This is not dissimilar with what happens when accessing members of an intersection type through erasure.

Another orthogonal observation is that the current naming scheme for enum constants classes is too fragile - the names `Test$1` and `Test$2` shown above are essentially order-dependent - this means that changing the order in which enum constants are declared could lead to binary compatibility issues. More specifically, if in the code above `A` is swapped with `B` and the enum is recompiled, the client bytecode above would fail to link, as `Test$1` would no longer have a member method named `a`. This is in stark contrast with the respect to what the JLS has to say about binary compatible evolution of enums:


> Adding or reordering constants in an enum will not break compatibility with pre-existing binaries.
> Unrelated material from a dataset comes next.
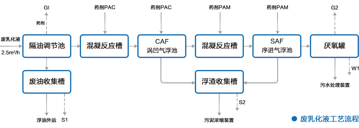 經(jīng)廢乳化液處置后的廢水進入污水處理站再行凈化,最后達標(biāo)排放。

One way to preserve binary compatible evolution would be to emit order insensitive class names, such as `Test$A` and `Test$B` instead of `Test$1` and `Test$2`. The impact of such a change with respect to reflection and serialization is discussed below.

**Serialization**

In Java, all enums are implicitly serializable, as Enum implements Serializable. We would like that the changes provide here be serialization-compatible; they should not change the serialized form.  The serialization specification:

http://docs.oracle.com/javase/6/docs/platform/serialization/spec/serial-arch.html#6469

provides special treatment for enums; the serialized form of an enum constant is its name only, and it is not possible to customize serialization/deserialization of an enum constant. (Note that all enum constants are initialized during the `<clinit>`, and the `Enum.valueOf` method that is used by deserialization calls the enum's static `values()` method, which implicitly forces initialization of the base enum class (and of all the constants)).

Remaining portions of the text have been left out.